4-3 Business Models and their
Relationship with Business-Level
Strategies (slide 2 of 3)
• There are many types of business models,
including:
• The franchise model
• A firm licenses its trademark and the processes it follows to
create and deliver a product to franchisees.
• Example: McDonald’s
• The freemium model
• The firm provides a basic product to customers for free and
earns revenues and profits by selling a premium version of the
service.
• Example: Dropbox
4-3 Business Models and their
Relationship with Business-Level
Strategies (slide 3 of 3)
• The advertising model
• For a fee, a firm provides advertisers with high-quality access to
its target customers.
• Example: Google
• The subscription model
• A firm offers a product to customers on a regular basis such
as once-per-month, once-per-year, or upon demand.
• Example: Netflix
• The peer-to-peer model
• A business matches those wanting a particular service with
those providing that service.
• Example: Airbnb
4-4 Types of Business-
Level Strategies (slide 1 of
2)
• Firms choose between five business-level strategies to establish and
defend their desired strategic position against competitors:
1. Cost leadership
2. Differentiation
3. Focused cost leadership
4. Focused differentiation
5. Integrated cost leadership/differentiation
• Each business-level strategy can help the firm establish and exploit a
competitive advantage (either lowest cost or distinctiveness) as the basis
for how it will create value for customers within a particular competitive
scope (broad market or narrow market).
Figure 4.1
Five Business-Level Strategies
4-4 Types of Business-
Level Strategies (slide 2 of
2)
• None of the five business-level strategies is inherently or
universally superior to the others.
• The effectiveness of each strategy is contingent on the:
• Opportunities and threats in a firm’s external environment
• Strengths and weaknesses derived from its resource portfolio
• Thus, it is critical for the firm to select a business-level
strategy that represents an effective match between the
opportunities and threats in its external environment and the
strengths of its internal organization based on its core
competencies.
4-4a Cost Leadership Strategy
(slide 1 of 5)
• Firms that effectively use the cost leadership strategy can earn above-
average returns despite the presence of strong competitive forces.
Potential Entrants
• Over time, the efficiency of a cost leader enhances its profit margins,
which in turn creates an entry barrier to potential competitors.

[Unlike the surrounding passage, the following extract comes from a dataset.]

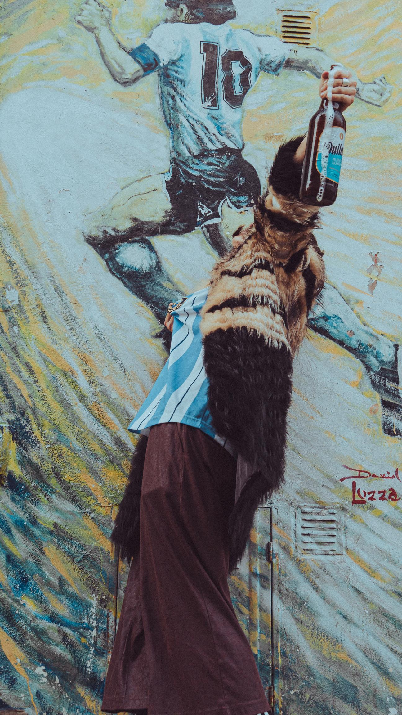 How daily interactions and traditional elements intertwine to form the essence of being Argentine in modernity. Predominant items in every Argentine such as “asado” (barbecue), Quilmes beer, leather coats and the Argentine national team shirt as part of our daily lives.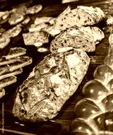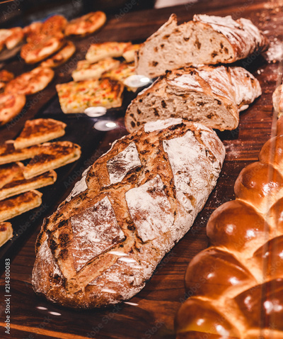 Variety of delicious breads, pizza, buns,pastry, displayed on shelves in Bakery shop.

• New entrants must be willing to accept less than average returns until they
gain the experience required to approach the cost leader’s efficiency.
Product Substitutes
• When faced with product substitutes, the cost leader has more
flexibility than do its competitors.
• To retain customers, it often can reduce its product’s price.
4-4a Cost Leadership Strategy
(slide 5 of 5)
Potential Entrants
• Substantial barriers to potential entrants are created by:
• Customer loyalty
• The need to overcome the uniqueness of a differentiated product
Product Substitutes
• Companies selling brand-name products to loyal customers face a lower
probability of customers switching to substitute products.